Like bikes and vespas, e-bikes in Rome are potentially dangerous for traffic.
As said above, bike lanes in Rome are few and far between, especially in the center, and cars are not gentle – they will beep at you, try to overtake you and, in the mess of Rome’s traffic, they may also not see you so you have to be alert and super careful at all times.
Need to know: e-bikes are motorized and therefore follow minimum age requirement for driving just like scooters and vespas. If visiting Rome with kids, ask your e-bike rental place what the requirement are to avoid disappointment.
Find here >>> Rome E-bike rental example with prices <<<
How to get around Rome by Taxi
Taxis are the most convenient option to get around Rome for distances you cannot cover on foot.
Official taxis in Rome operate with a meter and you never have to discuss or haggle with the driver as all fares as available in the cab, so you always know what you get.
While not the cheapest option, taxis are a great solution especially in the evening.
You can find here >>> our guide to using taxis in Rome <<<
At the time of writing, Uber is only available in Rome in the expensive ‘Uber Black’ option, which offers no advantages vs an official taxi.
However, Uber recently announced a new agreement reached with Rome taxi drivers so this may change soon. I will update this Rome transportation guide as soon as standard Uber in Rome becomes available and I can report based on personal experience.

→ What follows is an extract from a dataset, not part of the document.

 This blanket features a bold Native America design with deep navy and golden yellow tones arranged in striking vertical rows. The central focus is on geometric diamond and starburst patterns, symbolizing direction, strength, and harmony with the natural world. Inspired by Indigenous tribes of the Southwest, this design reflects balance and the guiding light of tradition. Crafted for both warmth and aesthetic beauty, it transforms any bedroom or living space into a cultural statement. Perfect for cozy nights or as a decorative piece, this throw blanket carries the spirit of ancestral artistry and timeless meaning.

Moving around Rome by electric scooters
A Rome transportation guide would not be complete with a mention of electric scooters, a means of transport you will encounter often in Rome city center, usually unruly parked on pavements!

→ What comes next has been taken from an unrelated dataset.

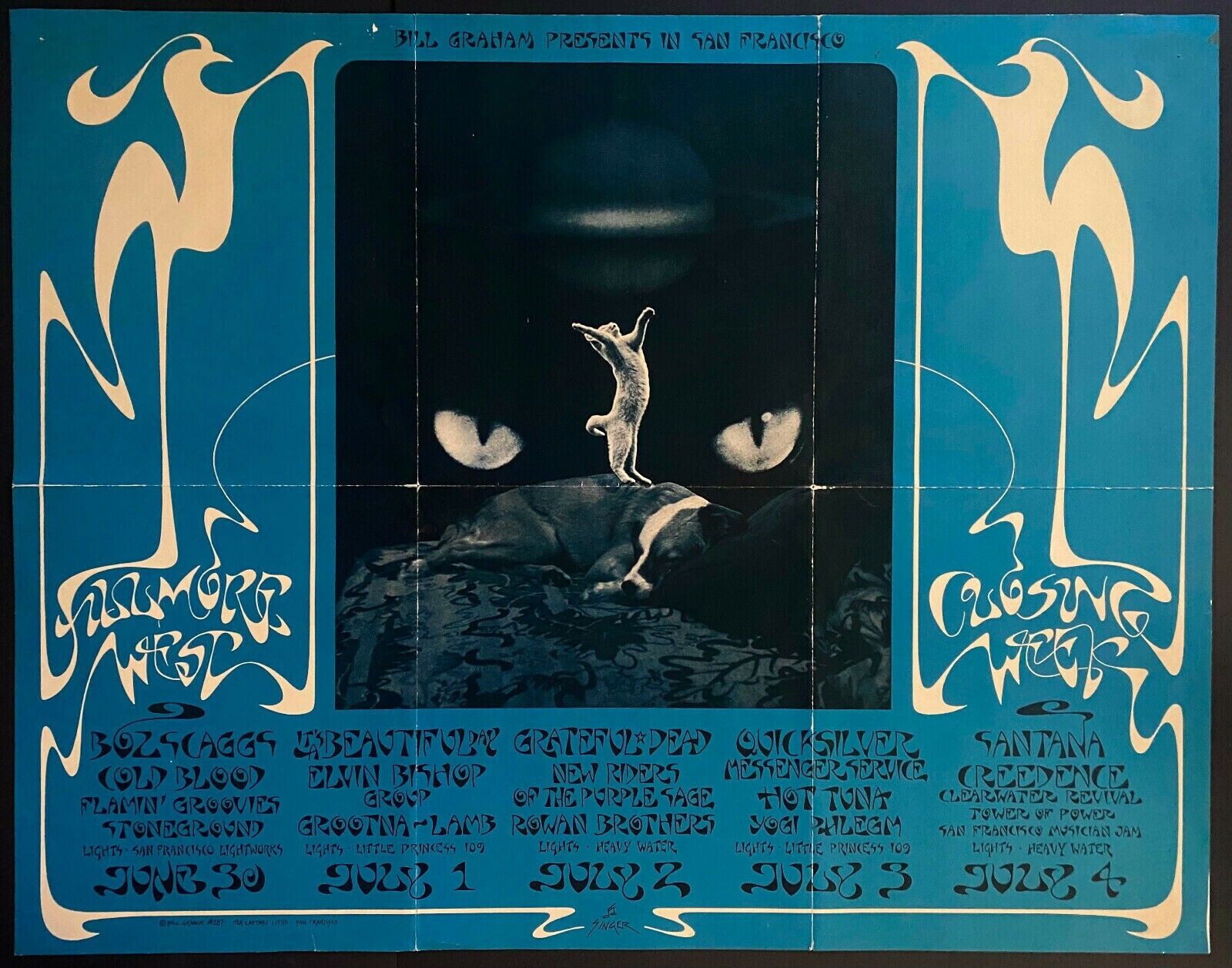 - Bill Graham presents Boz Scaggs, Credence, Grateful Dead, Flamin' Groovies, Hot Tuna, Quicksilver, Santana, Elvin Bishop, New Riders, Rowan Bros, Tower of Power, Stoneground. June 30th - July 4th, 1971 -- the last week of Graham's shows at Fillmore West

Electric scooters became available in Rome a couple of years ago and have received mixed reactions.
On one had, they are convenient and fun; on the other hand, the mix of cobbles, traffic and poor regulations have made them one of the most dangerous means of transport in Rome, for number and seriousness of accidents.
Like for vespas, mopeds and bikes, I recommend using caution if planning on using an electric scooter in Rome and see in person what Rome traffic feels like before committing.
If you decide an electric scooter if for you, you can find into on how to rent one in Rome here.
So, what’s the best way to get around Rome?
As you can see from all the examples above, the best way to get around Rome is on foot and by taxi.
However, several alternative options are available to suit most types of travelers so you know that, no matter what, you can explore Rome at your own pace.
I hope you enjoyed this Rome transportation guide and it helped you plan your stay.
Safe travels to Rome!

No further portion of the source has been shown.